Warren Johnson (born July 7, 1943 in Virginia, Minnesota) is a retired American NHRA drag racing driver. He is the driver with the 2nd most wins in pro stock with 97 career wins, six world championships and earned himself the nickname "The Professor of Pro Stock."

Career
In 1995, Johnson had one of the biggest comebacks in NHRA history. After the alleged season ending vandalism of the cars driven by Darrell Alderman and Scott Geoffrion, Johnson started gaining points, and had gained over 500 points with the season half completed to clinch the championship that year.

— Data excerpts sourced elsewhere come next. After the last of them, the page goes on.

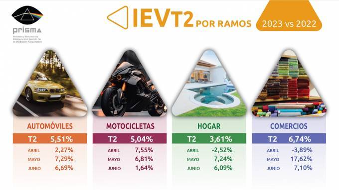 En cuanto a los ramos analizados, en Comercios el crecimiento fue del 6,64%, tras caer en abril (-3,89%) y recuperar en mayo (+17,62%) y junio (+7,10%). Según el informe, esa variación positiva en la segunda mitad del trimestre podría estar relacionada con el aumento en la creación de sociedades mercantiles en mayo y junio (+14%), según el INE. La variación del número de nuevas pólizas emitidas fue casi nula (+0,14%), por lo que toma especial relevancia en el aumento del volumen de ventas el incremento de la prima en un 3,6%.
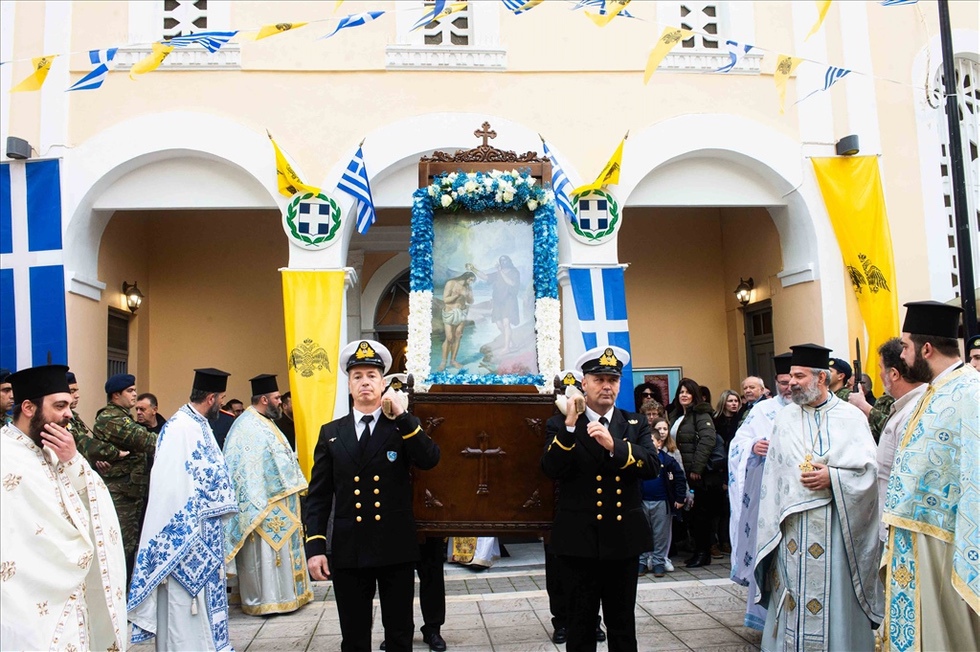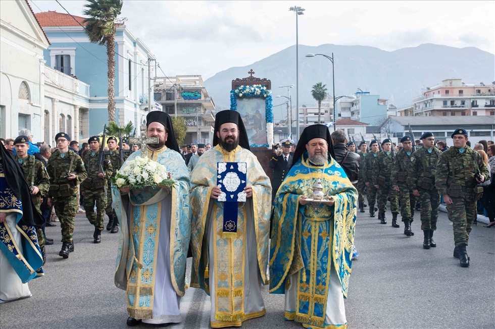 Τιμές απέδωσαν στρατιωτικό άγημα του 9ου Σ.Π. και η φιλαρμονική του Δήμου Καλαμάτας, ενώ την Εικόνα της Βαπτίσεως του Χριστού έφεραν επ’ ώμοις, άνδρες του Λιμενικού Σώματος.
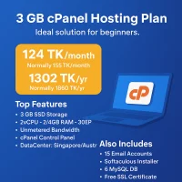 The lowest price of 3gb hosting with cpanel in Bangladesh is Tk 124 only. Buy at low price in Bdstall. There is currently 1 seller.
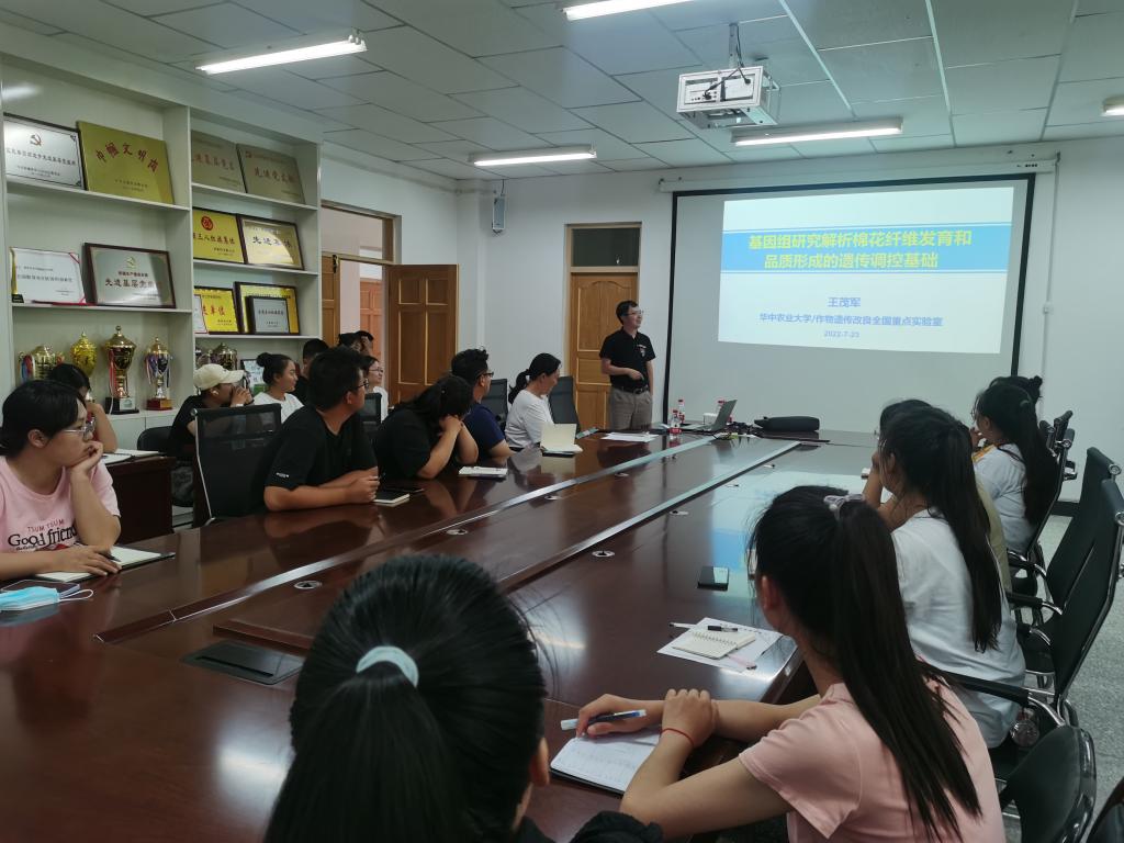 為加強(qiáng)高校間學(xué)術(shù)交流,推進(jìn)學(xué)院科研多元化,提升我校科研水平,7月23日、7月25日分別邀請(qǐng)了華中農(nóng)業(yè)大學(xué)王茂軍、劉克德教授來校學(xué)術(shù)交流。分別為農(nóng)學(xué)院師生做了主題為《基因組研究解析棉花纖維發(fā)育和品質(zhì)形成的遺傳調(diào)控基礎(chǔ)》和《CYP78A控制作物果實(shí)和種子大小的關(guān)鍵基因》的學(xué)術(shù)報(bào)告。報(bào)告由農(nóng)學(xué)院副院長(zhǎng)翟云龍教授主持,農(nóng)學(xué)院在校師生在農(nóng)科樓227會(huì)議室參加報(bào)告會(huì)。
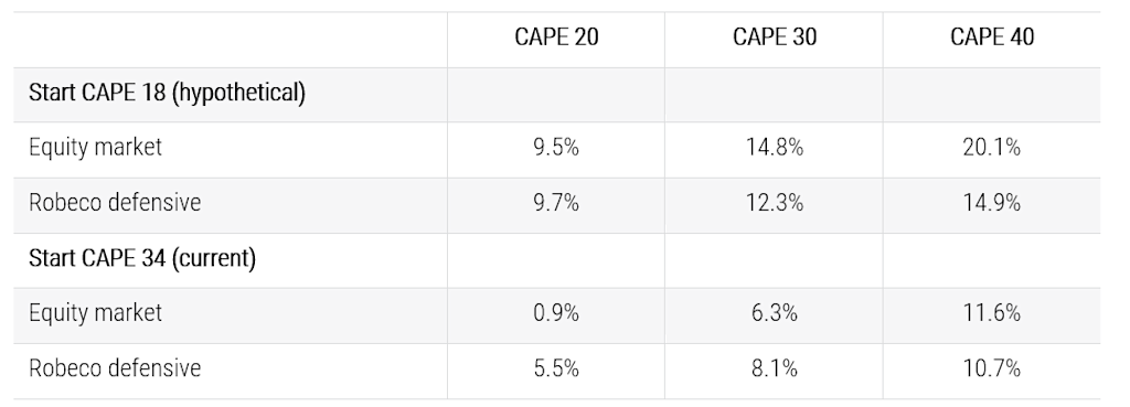 CAPE ratio at 40: If the CAPE ratio increases further, reaching ‘exuberance’ again, equity returns would exceed 10%, similar to the past 15 years. Defensive equities would also perform well, slightly lagging the market.
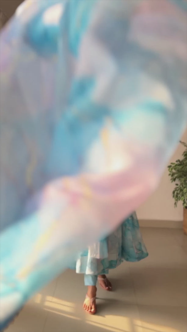 Sky Blue Color Pure Soft Organza Three Piece Anarkali Suit
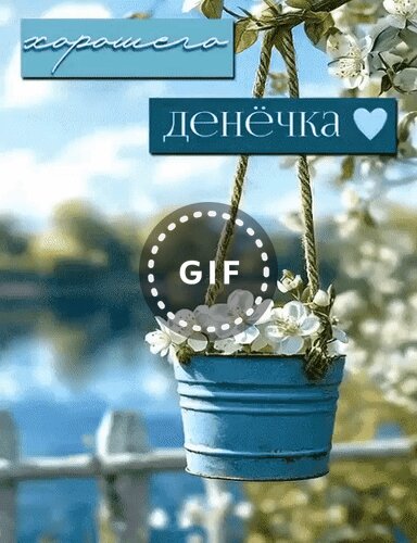 Красивая и вдохновляющая открытка с надписью «хорошего денёчка» и сердечком. На изображении запечатлен уютный летний пейзаж: подвесное кашпо с белоснежными цветами, висящее на фоне спокойной воды и зелени. Нежные белые цветы в голубом ведёрке создают атмосферу тепла, уюта и безмятежности. Идеальное изображение для пожелания доброго дня, поднятия настроения и отправки близким в мессенджерах или социальных сетях.

In 1997, he became the first NHRA Pro Stock driver to exceed 200 mph with a pass of 200.13 mph at Richmond, Virginia. He became the first Pro Stock driver to make a sub-6.9-second pass with a 6.894-second run at Richmond, Va. In 2006, Johnson reached his 500th career race.

On May 2, 2010, at age 66, Warren became the oldest professional winner in NHRA history, as he won the AAA Midwest Nationals in Madison Illinois.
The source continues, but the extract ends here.